#### SUPPLIED MATERIAL
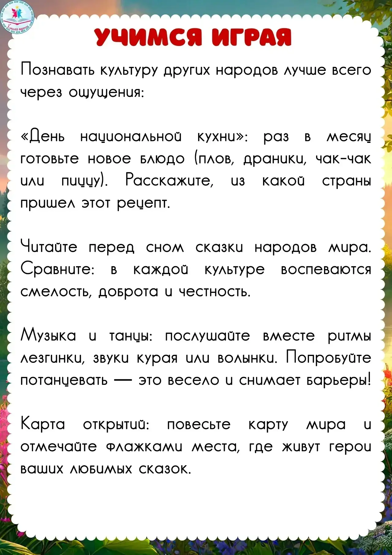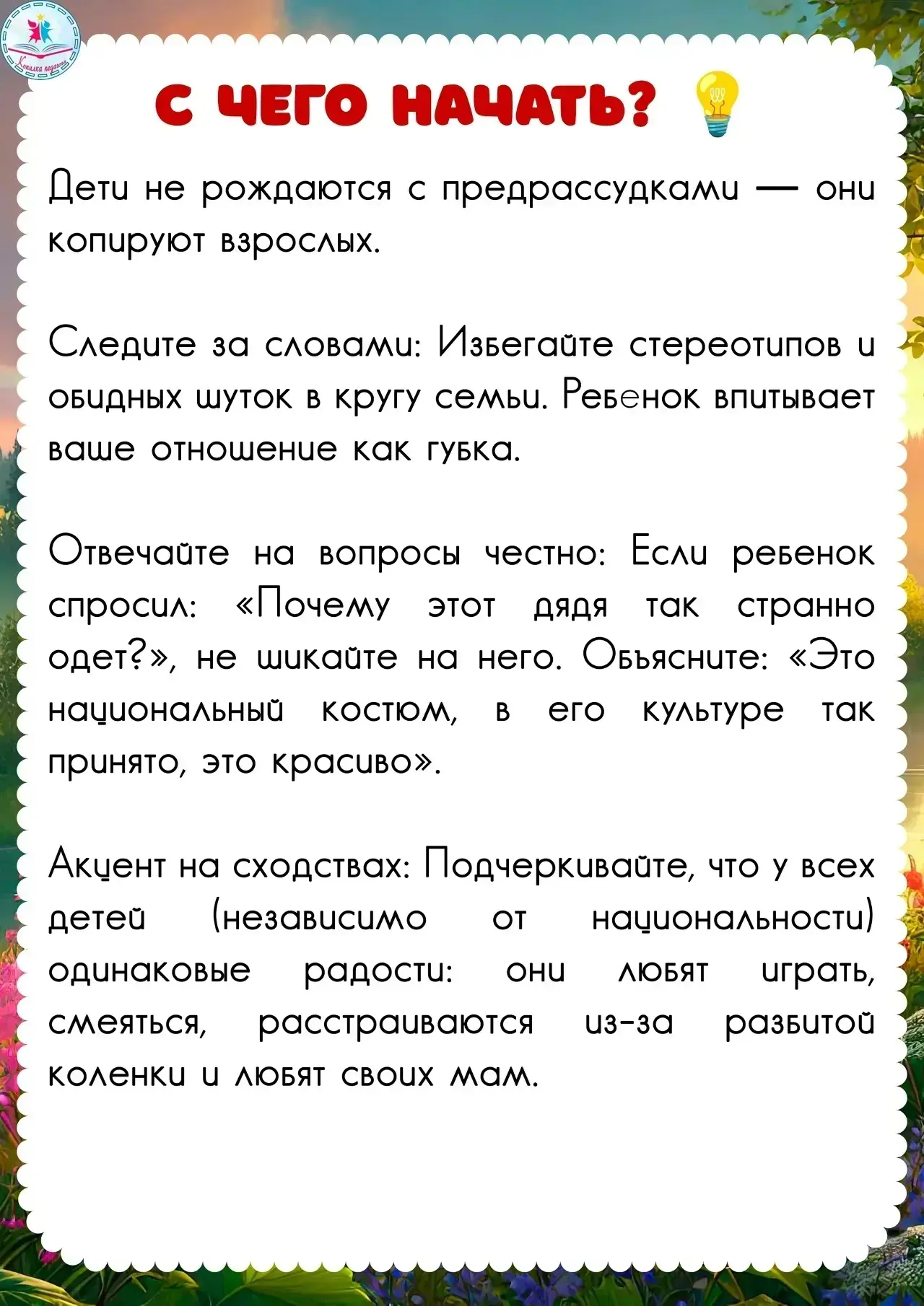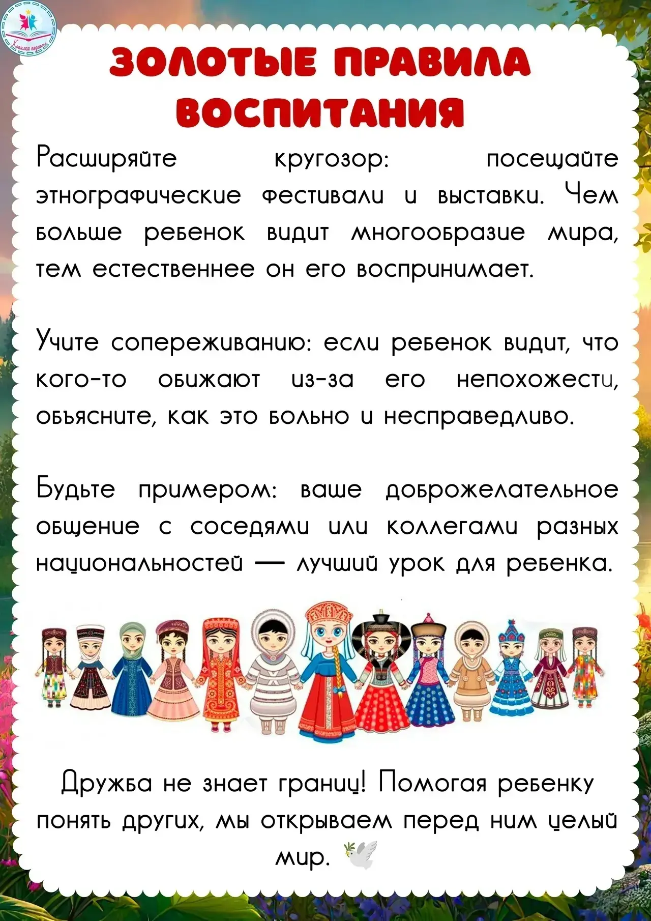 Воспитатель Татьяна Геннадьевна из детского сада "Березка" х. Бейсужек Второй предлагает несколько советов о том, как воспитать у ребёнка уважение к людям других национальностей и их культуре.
* * *
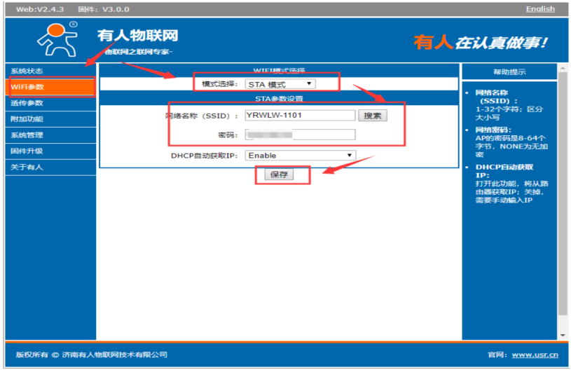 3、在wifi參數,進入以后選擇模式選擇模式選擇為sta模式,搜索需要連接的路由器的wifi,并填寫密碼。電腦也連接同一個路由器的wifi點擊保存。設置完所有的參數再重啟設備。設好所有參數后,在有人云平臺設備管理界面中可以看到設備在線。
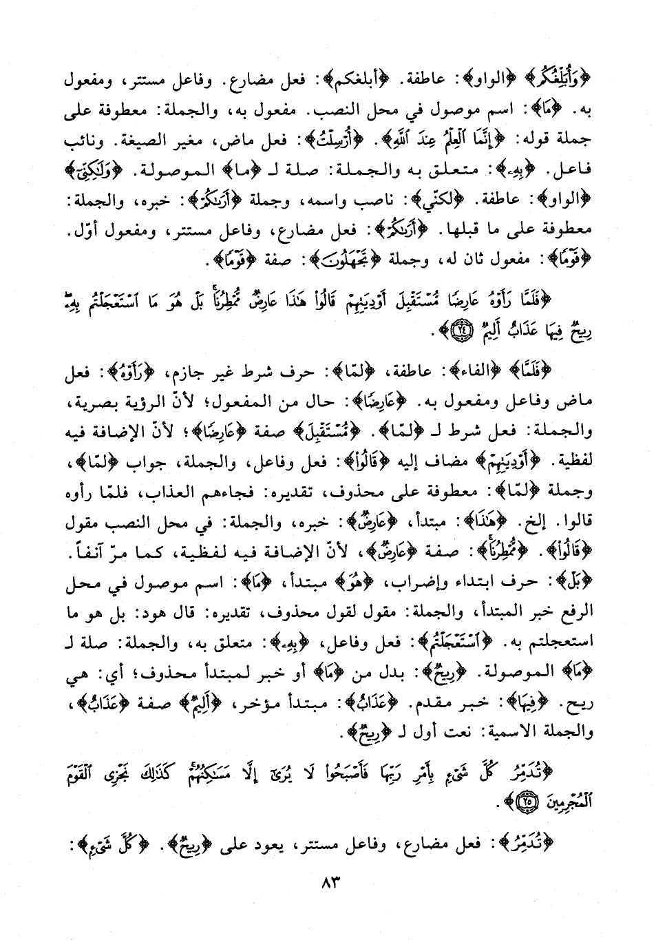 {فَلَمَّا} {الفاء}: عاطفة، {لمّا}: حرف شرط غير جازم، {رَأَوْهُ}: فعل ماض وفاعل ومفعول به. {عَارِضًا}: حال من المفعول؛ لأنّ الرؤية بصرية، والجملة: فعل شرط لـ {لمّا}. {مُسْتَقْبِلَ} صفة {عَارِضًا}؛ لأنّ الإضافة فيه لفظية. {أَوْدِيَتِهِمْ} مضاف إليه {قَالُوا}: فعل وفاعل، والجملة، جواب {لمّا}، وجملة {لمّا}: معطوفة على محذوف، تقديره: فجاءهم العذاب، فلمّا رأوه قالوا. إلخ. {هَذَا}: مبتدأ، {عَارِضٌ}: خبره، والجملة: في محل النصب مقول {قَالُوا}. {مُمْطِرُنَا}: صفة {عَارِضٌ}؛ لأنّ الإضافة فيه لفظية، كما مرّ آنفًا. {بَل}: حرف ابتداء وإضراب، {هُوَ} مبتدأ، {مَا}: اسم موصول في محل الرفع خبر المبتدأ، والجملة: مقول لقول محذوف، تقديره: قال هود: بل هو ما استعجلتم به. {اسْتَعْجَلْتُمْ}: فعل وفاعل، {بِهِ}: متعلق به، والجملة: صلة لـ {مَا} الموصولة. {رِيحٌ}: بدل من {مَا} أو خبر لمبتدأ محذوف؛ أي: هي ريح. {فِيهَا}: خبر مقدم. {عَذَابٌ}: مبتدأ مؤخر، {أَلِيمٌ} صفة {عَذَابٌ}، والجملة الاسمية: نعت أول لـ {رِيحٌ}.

#### WHAT TO PRODUCE
With the pictures omitted, print the lines above exactly, beginning at the line with "3、在wifi參數,進入以后" and going on through the line with "حرف شرط غير".

#### ANSWER BOX
 3、在wifi參數,進入以后選擇模式選擇模式選擇為sta模式,搜索需要連接的路由器的wifi,并填寫密碼。電腦也連接同一個路由器的wifi點擊保存。設置完所有的參數再重啟設備。設好所有參數后,在有人云平臺設備管理界面中可以看到設備在線。
 {فَلَمَّا} {الفاء}: عاطفة، {لمّا}: حرف شرط غير جازم، {رَأَوْهُ}: فعل ماض وفاعل ومفعول به. {عَارِضًا}: حال من المفعول؛ لأنّ الرؤية بصرية، والجملة: فعل شرط لـ {لمّا}. {مُسْتَقْبِلَ} صفة {عَارِضًا}؛ لأنّ الإضافة فيه لفظية. {أَوْدِيَتِهِمْ} مضاف إليه {قَالُوا}: فعل وفاعل، والجملة، جواب {لمّا}، وجملة {لمّا}: معطوفة على محذوف، تقديره: فجاءهم العذاب، فلمّا رأوه قالوا. إلخ. {هَذَا}: مبتدأ، {عَارِضٌ}: خبره، والجملة: في محل النصب مقول {قَالُوا}. {مُمْطِرُنَا}: صفة {عَارِضٌ}؛ لأنّ الإضافة فيه لفظية، كما مرّ آنفًا. {بَل}: حرف ابتداء وإضراب، {هُوَ} مبتدأ، {مَا}: اسم موصول في محل الرفع خبر المبتدأ، والجملة: مقول لقول محذوف، تقديره: قال هود: بل هو ما استعجلتم به. {اسْتَعْجَلْتُمْ}: فعل وفاعل، {بِهِ}: متعلق به، والجملة: صلة لـ {مَا} الموصولة. {رِيحٌ}: بدل من {مَا} أو خبر لمبتدأ محذوف؛ أي: هي ريح. {فِيهَا}: خبر مقدم. {عَذَابٌ}: مبتدأ مؤخر، {أَلِيمٌ} صفة {عَذَابٌ}، والجملة الاسمية: نعت أول لـ {رِيحٌ}.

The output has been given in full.